Java ArrayList 源码学习笔记

栏目: Java · 发布时间: 7年前

内容简介：Java ArrayList 源码学习笔记

世界上最牛的 Java 代码去哪找？当然是 JDK 咯～计划学习一下常见容器的源码。我会把我觉得比较有意思或者玄学的地方更新到这里。

以下 JDK 源码及 Javadoc 均从 java version "1.8.0_131" 版本实现中摘录或翻译 java.util.ArrayList

首先，开头就很有意思，声明了两个空数组：

116 行 - 126 行

/**
 * Shared empty array instance used for empty instances.
 */
private static final Object[] EMPTY_ELEMENTDATA = {};

/**
 * Shared empty array instance used for default sized empty instances. We
 * distinguish this from EMPTY_ELEMENTDATA to know how much to inflate when
 * first element is added.
 */
private static final Object[] DEFAULTCAPACITY_EMPTY_ELEMENTDATA = {};

有什么差别？注释上告诉我们， EMPTY_ELEMENTDATA 用于空数组实例，而 DEFAULTCAPACITY_EMPTY_ELEMENTDATA 用于默认的空数组实例，他们的区别在于是否能获知首次添加元素时对数组的扩充量。这样看我们也是一头雾水，不如我们看一下他是怎样应用的：

143行-166行

/**
 * Constructs an empty list with the specified initial capacity.
 *
 * @param  initialCapacity  the initial capacity of the list
 * @throws IllegalArgumentException if the specified initial capacity
 *         is negative
 */
public ArrayList(int initialCapacity) {
    if (initialCapacity > 0) {
        this.elementData = new Object[initialCapacity];
    } else if (initialCapacity == 0) {
        this.elementData = EMPTY_ELEMENTDATA;
    } else {
        throw new IllegalArgumentException("Illegal Capacity: "+
                                           initialCapacity);
    }
}

/**
 * Constructs an empty list with an initial capacity of ten.
 */
public ArrayList() {
    this.elementData = DEFAULTCAPACITY_EMPTY_ELEMENTDATA;
}

我们看，当我们使用 new ArrayList() 创建 ArrayList 实例时， elementData 被赋值为 DEFAULTCAPACITY_EMPTY_ELEMENTDATA ，而如果我们这样创建实例 new ArrayList(0) ， elementData 将会被赋值为 EMPTY_ELEMENTDATA 。这看似没什么区别，我们再看一下扩容数组的函数。

222 行 - 228 行

private void ensureCapacityInternal(int minCapacity) {
    if (elementData == DEFAULTCAPACITY_EMPTY_ELEMENTDATA) {
        minCapacity = Math.max(DEFAULT_CAPACITY, minCapacity);
    }

    ensureExplicitCapacity(minCapacity);
}

这个函数中对 elementData 的引用进行判断，如果引用是 DEFAULTCAPACITY_EMPTY_ELEMENTDATA 则会在 DEFAULT_CAPACITY（值为10） 与 minCapacity 中选择最大值为扩容后的长度。这里相当于用 elementData 的引用值做一个标记：如果我们使用 new ArrayList() 创建实例，则 ArrayList 在首次添加元素时会将数组扩容至 DEFAULT_CAPACITY 如果我们使用 new ArrayList(0) 创建实例则会按照 newCapacity = oldCapacity + (oldCapacity >> 1); （255行） 规则扩充实例。

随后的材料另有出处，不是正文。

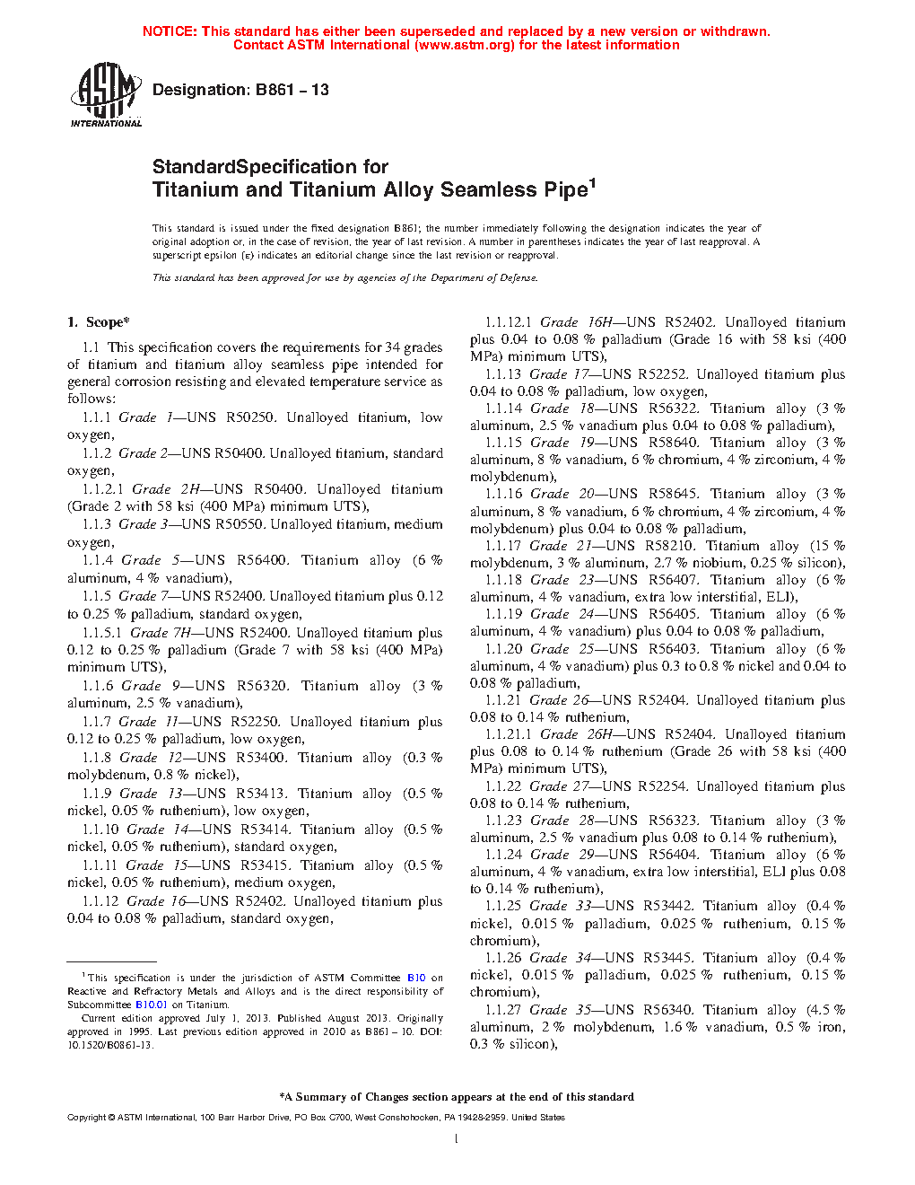 1.1 This specification covers the requirements for 26 grades of titanium and titanium alloy seamless pipe intended for general corrosion resisting and elevated temperature service as follows:

那么，为什么这样做。我们想，我们使用空构造器和 new ArrayList(0) 创建实例的应用场景是不一样的，前者是我们无法预估列表中将会有多少元素，后者是我们预估元素个数会很少。因此ArrayList对此做了区别，使用不同的扩容算法。

然而令我惊讶的是，通过引用判断来区别用户行为的这种方式，这是我想不到的，如果是我，我一定会再设置一个标志变量。

238 行 - 244 行

/**
 * The maximum size of array to allocate.
 * Some VMs reserve some header words in an array.
 * Attempts to allocate larger arrays may result in
 * OutOfMemoryError: Requested array size exceeds VM limit
 */
private static final int MAX_ARRAY_SIZE = Integer.MAX_VALUE - 8;

这个变量显然是数组的最大长度，但是为什么要 Integer.MAX_VALUE - 8 呢，注释给了我们答案：一些 VM 会在数组头部储存头数据，试图尝试创建一个比 Integer.MAX_VALUE - 8 大的数组可能会产生 OOM 异常。

246 行 - 262 行

/**
 * Increases the capacity to ensure that it can hold at least the
 * number of elements specified by the minimum capacity argument.
 *
 * @param minCapacity the desired minimum capacity
 */
private void grow(int minCapacity) {
    // overflow-conscious code
    int oldCapacity = elementData.length;
    int newCapacity = oldCapacity + (oldCapacity >> 1);
    if (newCapacity - minCapacity < 0)
        newCapacity = minCapacity;
    if (newCapacity - MAX_ARRAY_SIZE > 0)
        newCapacity = hugeCapacity(minCapacity);
    // minCapacity is usually close to size, so this is a win:
    elementData = Arrays.copyOf(elementData, newCapacity);
}

此处是扩容数组的核心代码，其计算新数组的长度采用 oldCapacity + (oldCapacity >> 1) ，新数组大概是原数组长度的 1.5 倍，使用位运算计算速度会比较快。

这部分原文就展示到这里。